— DATA SECTION —
☆ ☆ ☆ ☆ ☆ ☆ ☆
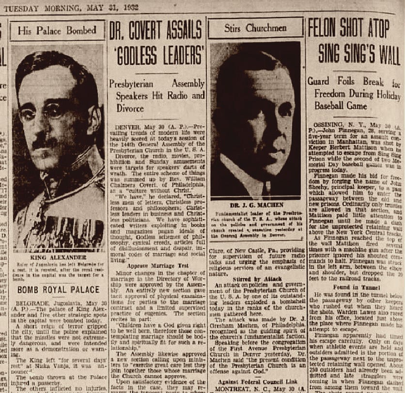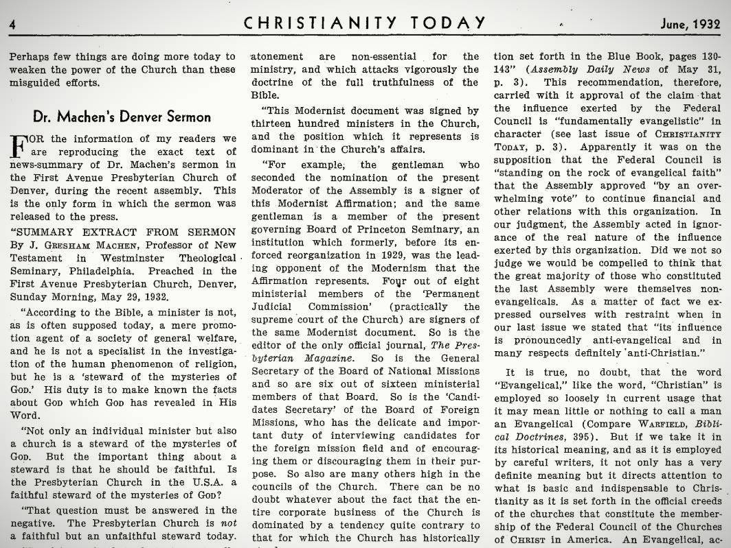 Major ecclesial figures sometimes called press conferences in 1932…and reporters even came. Sermon summaries were provided to the papers, and we have a friendlier and fuller picture from a publication with which Machen was associated—the “old” Christianity Today (as referenced in the above quote):
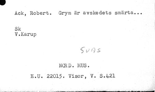 //// Ack, Robert. Grym är avskedets smärta... //// Sk //// V.Karup //// N(RD. MUS. //// E.U. 2201$. Visor, V. S.421 //// ____- ^ ^ -. .rr^lfH^** //// _____ ... ____åi-MM. i - ---- ---- ////
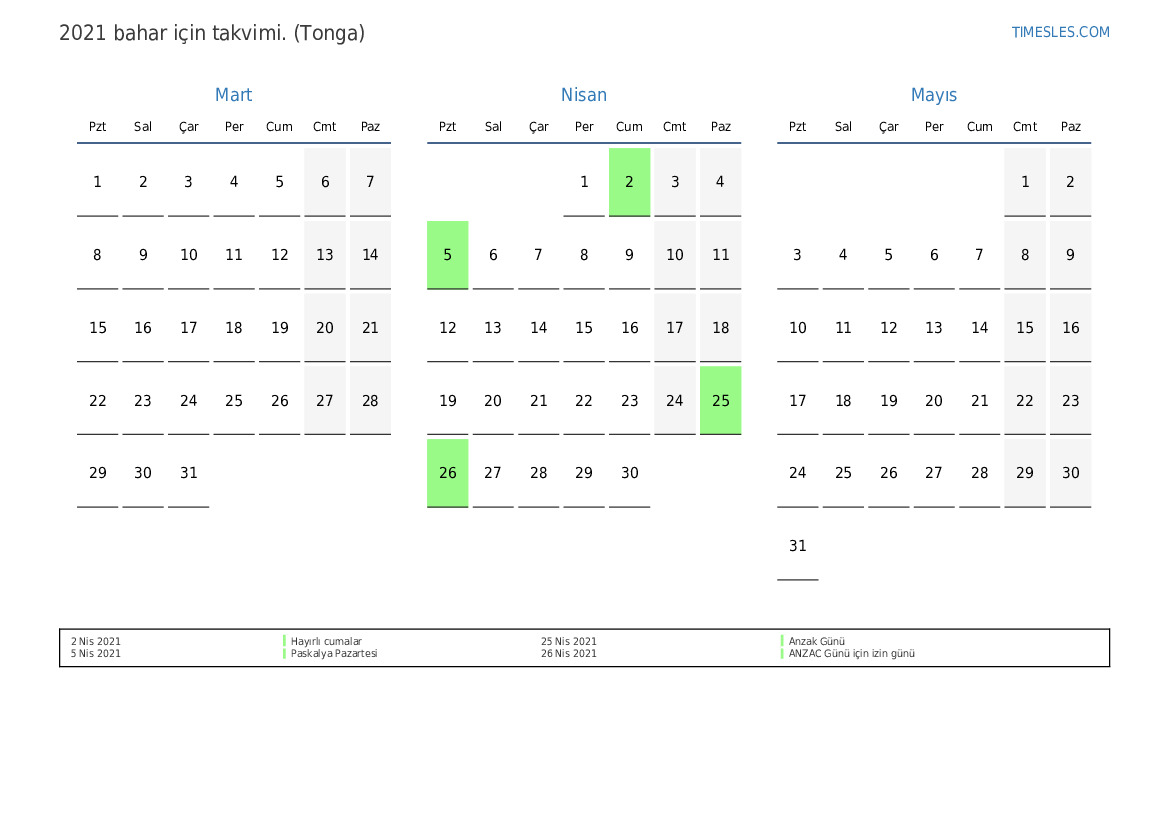 Tonga için 2021 bahar için tatil ve hafta sonları takvimi
☆ ☆ ☆ ☆ ☆ ☆ ☆
— DIRECTIONS —
Write the material out again word for word and omit any images.

— EXERCISE OUTPUT —
 Major ecclesial figures sometimes called press conferences in 1932…and reporters even came. Sermon summaries were provided to the papers, and we have a friendlier and fuller picture from a publication with which Machen was associated—the “old” Christianity Today (as referenced in the above quote):
 //// Ack, Robert. Grym är avskedets smärta... //// Sk //// V.Karup //// N(RD. MUS. //// E.U. 2201$. Visor, V. S.421 //// ____- ^ ^ -. .rr^lfH^** //// _____ ... ____åi-MM. i - ---- ---- ////
 Tonga için 2021 bahar için tatil ve hafta sonları takvimi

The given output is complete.